Mormon Young Women, Modesty, and the Porn-Addled Youth of Today
You’ll want to read this dispatch from the front lines, by the father of a young teen-age LDS woman. It gets what modesty is about.
Our stake just got back from a youth handcart trek. On the last full day, uniformed reenactors rode up and recruited all the men and young men for the Mormon Battallion. We left our girls about a half mile from the base of a high ridge and via a circuitous route got to a point about 2/3 of the way up the ridge. Our instructions were to way till our girls came abreast of us, at which we could leap out and help them finish the hill.
When the women came in sight on the hill, red-faced, gasping, and so on, some of our young men started to cry. Others looked angry.
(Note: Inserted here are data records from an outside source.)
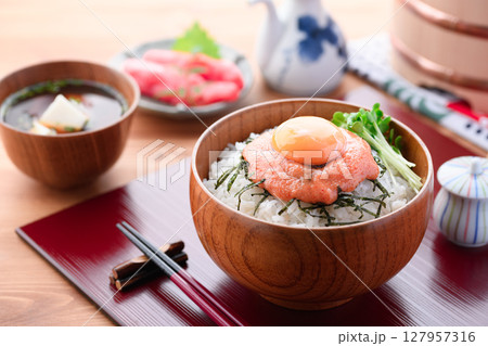明太子ご飯の木製丼盛り 和食ランチの美味しそうな写真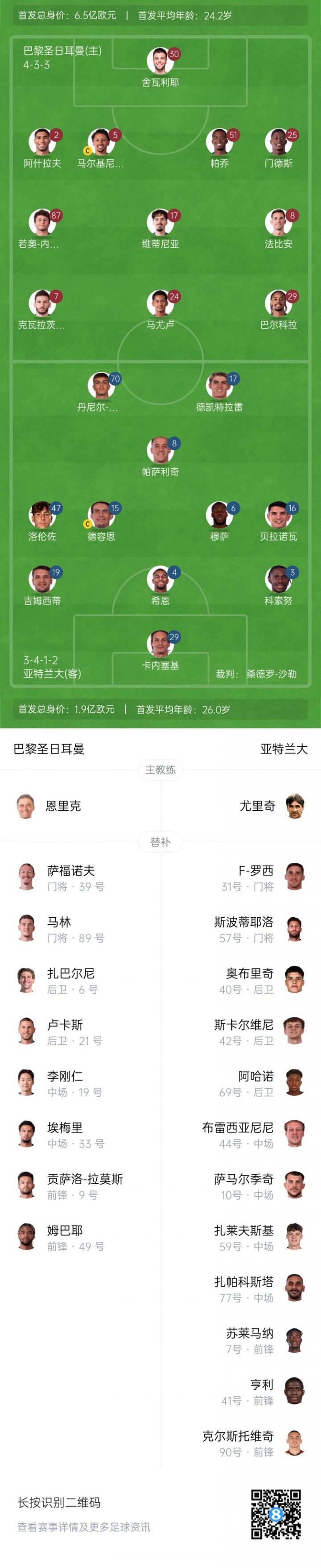巴黎首发:30-舍瓦利耶、2-阿什拉夫、5-马尔基尼奥斯、25-努诺·门德斯、51-帕乔、8-法比安、17-维蒂尼亚、24-马尤卢、87-内维斯、7-克瓦拉茨赫利亚、29-巴尔科拉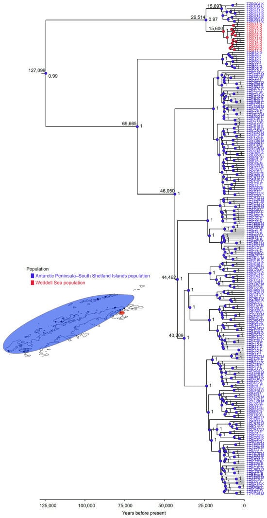 Discrete phylogeographic analysis identified a maximum clade credibility tree supporting a common ancestor for both populations dating to ~127,000 years ago (posterior probability = 0.99; Figure 6). This represents the oldest lineage of Tonicina zschaui, originating in the Antarctic Peninsula–South Shetland Islands population, from which dispersal across West Antarctica began. A subsequent divergence between the Antarctic Peninsula–South Shetland Islands and Weddell Sea populations occurred ~26,514 years ago (posterior probability = 0.97), giving rise to the ancestor of the Weddell Sea population. Around 15,600 years ago, with a posterior probability of 1.0, this ancestor established a distinct lineage in the Weddell Sea, characterized by reciprocal monophyly. Individuals in this lineage were more closely related to each other than to those in the Antarctic Peninsula–South Shetland Islands lineage (Figure 6).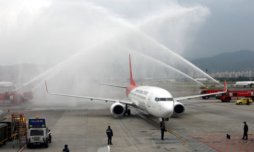 2008年12月15日,深圳航空首航台湾的第一班平日包机在台北松山机场降落。松山机场方面以喷水方式表示欢迎。两岸常态包机直航从此开始营运。(“中央社”图)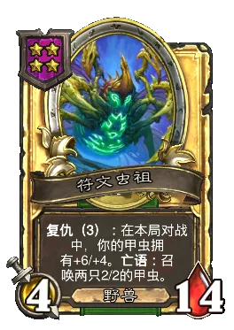 ▪ 改动前:4/4。亡语:在本局对战中,你的甲虫拥有+4/+4。召唤一只2/2的甲虫。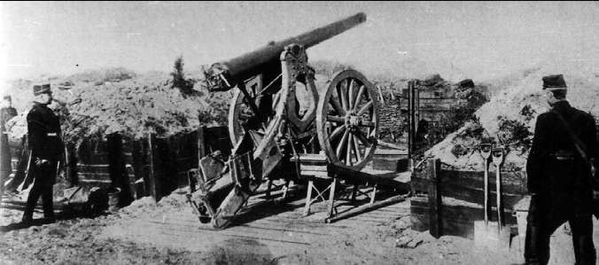 Första skottet vid skarpskjutning på Marma år 1903 med 12 cm kanonbatteri m/1885 med rekylkilar.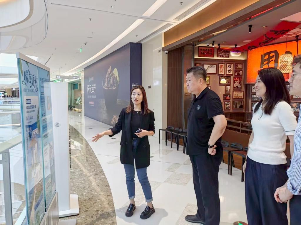 学院师生在崂山万象汇相关负责人带领下,实地参观了崂山万象汇的商业空间、艺术展陈及创新业态,重点了解了万象汇项目在文化创意、商业运营中的实践成果,以及学院学生在实习过程中实际参与的设计项目,为后续合作提供参考。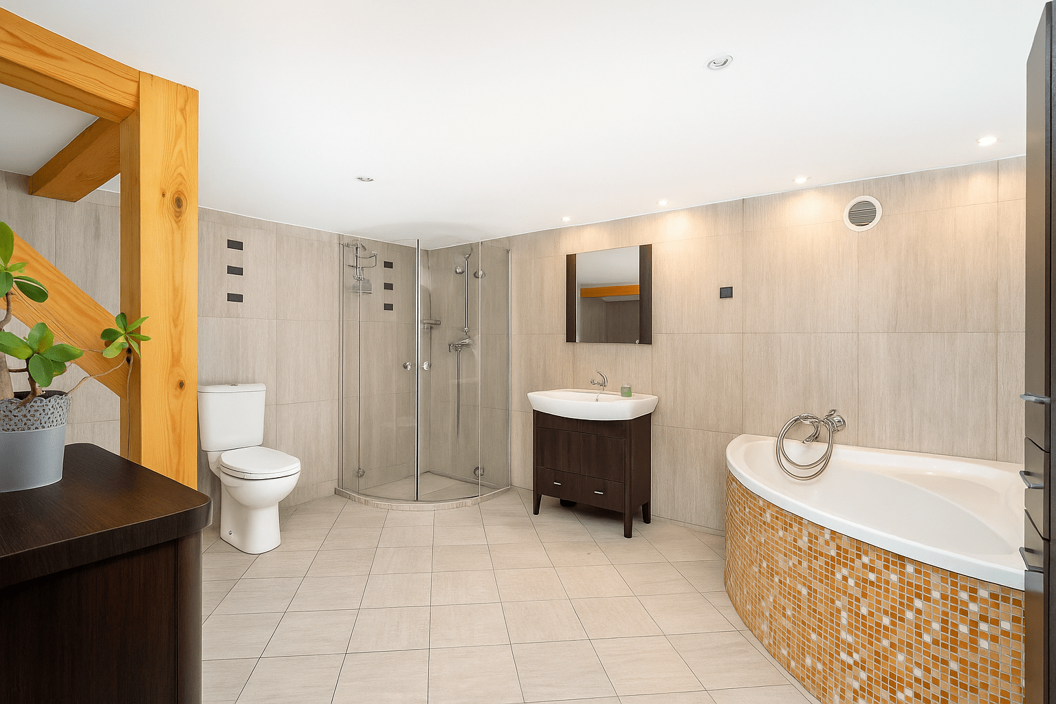 Łazienka została zaaranżowana z dbałością o funkcjonalność i estetykę – oferuje wszystko, czego potrzeba w codziennym użytkowaniu (m.in. prysznic oraz wanna), a jednocześnie wpisuje się w styl mieszkania.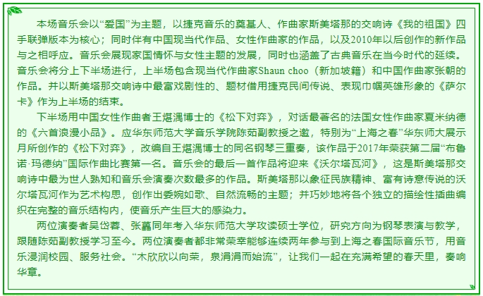 “上海之春”国际音乐节|“春续华张 欣欣向蓉”——钢琴四手联弹专场音乐会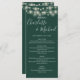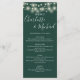 Elegant emerald green wedding menu card featuring pretty string lights and signature style names. This modern menu card can be personalized with your information in chic white lettering. Designed by Thisisnotme©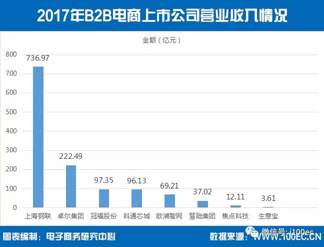 据电子商务研究中心监测数据显示,2017年B2B电商上市公司营业收入排名分别为:上海钢联736.97亿元、卓尔集团222.49亿元、冠福股份97.35亿元、科通芯城96.13亿元、欧浦智网69.21亿元、慧聪集团37.02亿元、焦点科技12.11亿元、生意宝3.61亿元。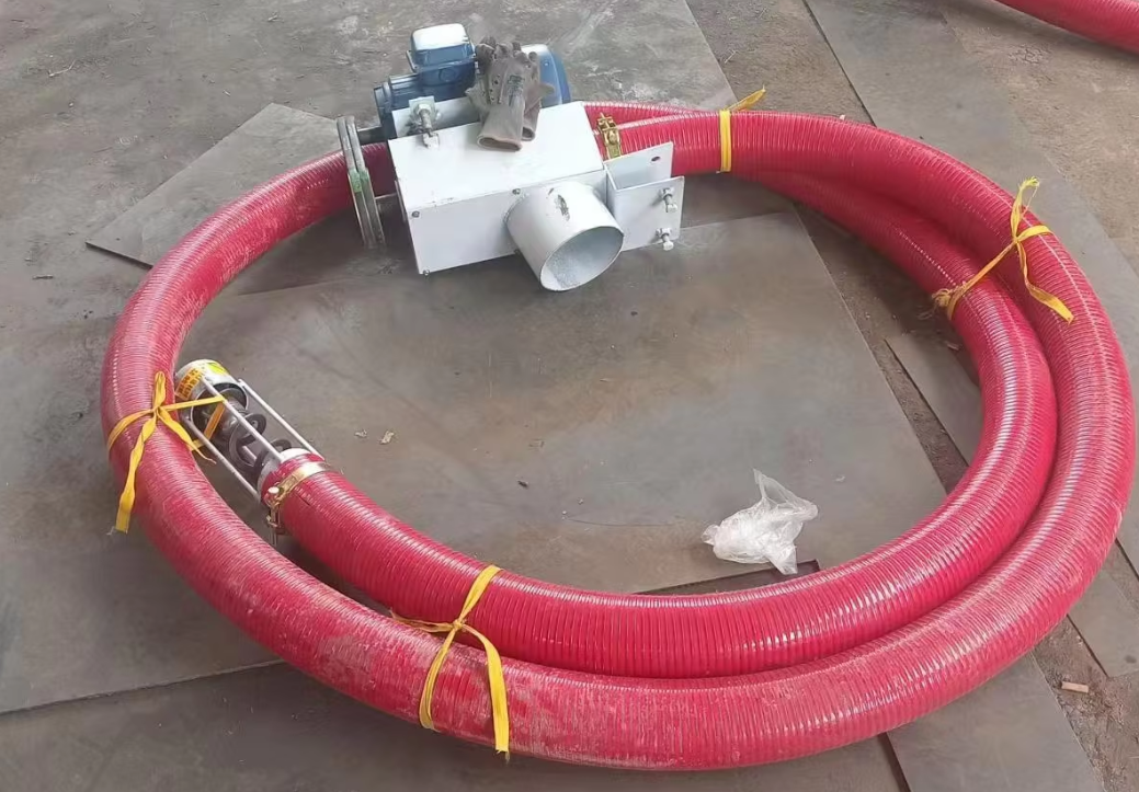 The Mobile Hose Screw Conveyor is mounted on a frame with casters or a mobile base, allowing it to be towed by vehicle or manually and moved between different work locations. The power system, transmission device, and support frame are integrated into the chassis. Flexible conveyor hoses are typically made of wear-resistant, tear-resistant reinforced rubber or special plastic composite materials. Their flexibility allows the conveying path to bend freely within a certain range and bypass obstacles, and the conveying distance and outlet position can be adjusted by extending or changing the hose length. Inside the hose is a shaft equipped with continuously spiral blades, driven by a motor or other power system to rotate the screw and continuously propel the material forward.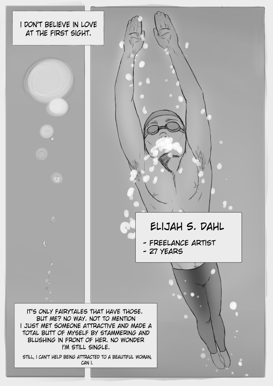 In this comic, you get to witness the struggles of Elijah, a young man who fancies the new curator of the art gallery he works at.
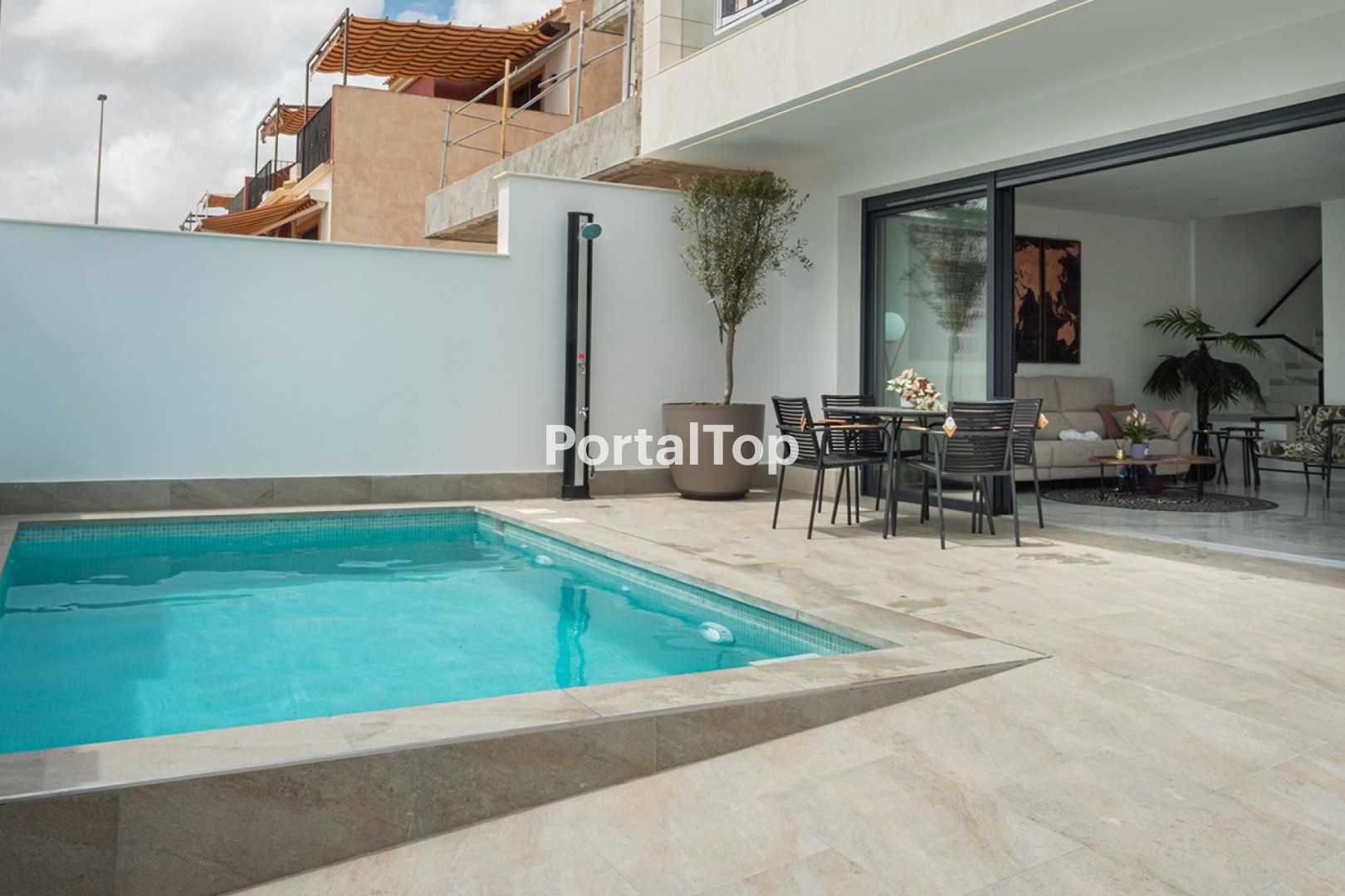 Costa Blanca Eiendom presenta una exclusiva promoción de 4 chalets pareados en San Pedro del Pinatar, ubicados en una zona privilegiada cerca del centro urbano y a pocos minutos de las playas del Mar Menor. Diseñados para ofrecer confort y funcionalidad, estos chalets son ideales tanto para residencia permanente como para inversión. Las viviendas estarán disponibles en marzo y junio de 2025, con precios desde 439.000 euros. Cuentan con materiales de alta calidad, distribución optimizada y amplias zonas exteriores. La planta baja dispone de un luminoso salón-comedor con grandes ventanales que permiten la entrada de luz natural, cocina equipada con electrodomésticos, un dormitorio doble y un baño de visitas. Desde el salón se accede a la terraza con piscina privada de 13 m2, ducha solar y zona de estar, creando un espacio perfecto para el descanso y el entretenimiento. La parcela de 173 m2 incluye un camino privado para aparcamiento. En la primera planta se encuentran dos dormitorios dobles con baño en suite, uno de ellos con balcón privado con vistas a la zona exterior. Además, las viviendas cuentan con calefacción por suelo radiante en los baños, persianas motorizadas y preinstalación de aire acondicionado. Todos los dormitorios disponen de armarios empotrados de gran capacidad. Desde la primera planta, una escalera conduce al solárium privado de 52 m2, ideal para relajarse, tomar el sol y disfrutar del clima mediterráneo durante todo el año. Este espacio es perfecto para reuniones con familiares y amigos, ofreciendo una gran privacidad y comodidad. El jardín combina gres, grava blanca y césped artificial, proporcionando un entorno elegante y de fácil mantenimiento. San Pedro del Pinatar es una localidad que destaca por su excelente calidad de vida y sus servicios, incluyendo supermercados, restaurantes, colegios y centros de salud. Su estratégica ubicación permite acceder en solo 5 minutos al centro comercial Dos Mares y en 35 minutos al aeropuerto de Murcia (RMU), mientras que el aeropuerto de Alicante (ALC) se encuentra a 45 minutos en coche. Además, su proximidad a las playas del Mediterráneo y el Mar Menor, así como a parques naturales protegidos y diversas opciones deportivas y de ocio, la convierten en una opción ideal para quienes buscan un equilibrio entre tranquilidad y accesibilidad. Póngase en contacto con nosotros para obtener más información o únase a uno de nuestros tours sin compromiso para descubrir este magnífico proyecto.

At the end of the trek to a man they said waiting on that hill was the hardest part. Some were still emotional about it.
It occurs to me that men very much want to be men, not just people, and interact with women as women, not just as people (and, of course, the other way around). In the past, I’ve argued that women’s clothing and behavior can be womanly in two ways–it can be womanly on the purely physical level, emphasizing tits and vaginas, which is what we call immodest clothing. Or it can be womanly by taking advantage of cultural conventions for female dress–long hair, dresses, feminine colors and cuts, etc. Ideally, this is what modest dress should be–not just not revealing, but also distinctly feminine and therefore alluring.
But Geoff J.’s dispatch from the front lines has made me broaden my concept of how modesty interacts with the man-woman dynamic. He talks about the Lord of the Flies/I Am Charlotte Simmons atmosphere at his daughter’s school and then observes that
the Mormon boys are much less likely to be involved in the groping and various sexual harassment. Plus they tend to play the role of defenders/protectors to the Mormon girls.
While men have a strong need for sex as an expression of their manhood, I believe they also have a strong need to be protective of women as an expression of their manhood. Modest dress and modest action welcomes that protection and allows young men to be men in a more positive way. Being a knight requires a lady.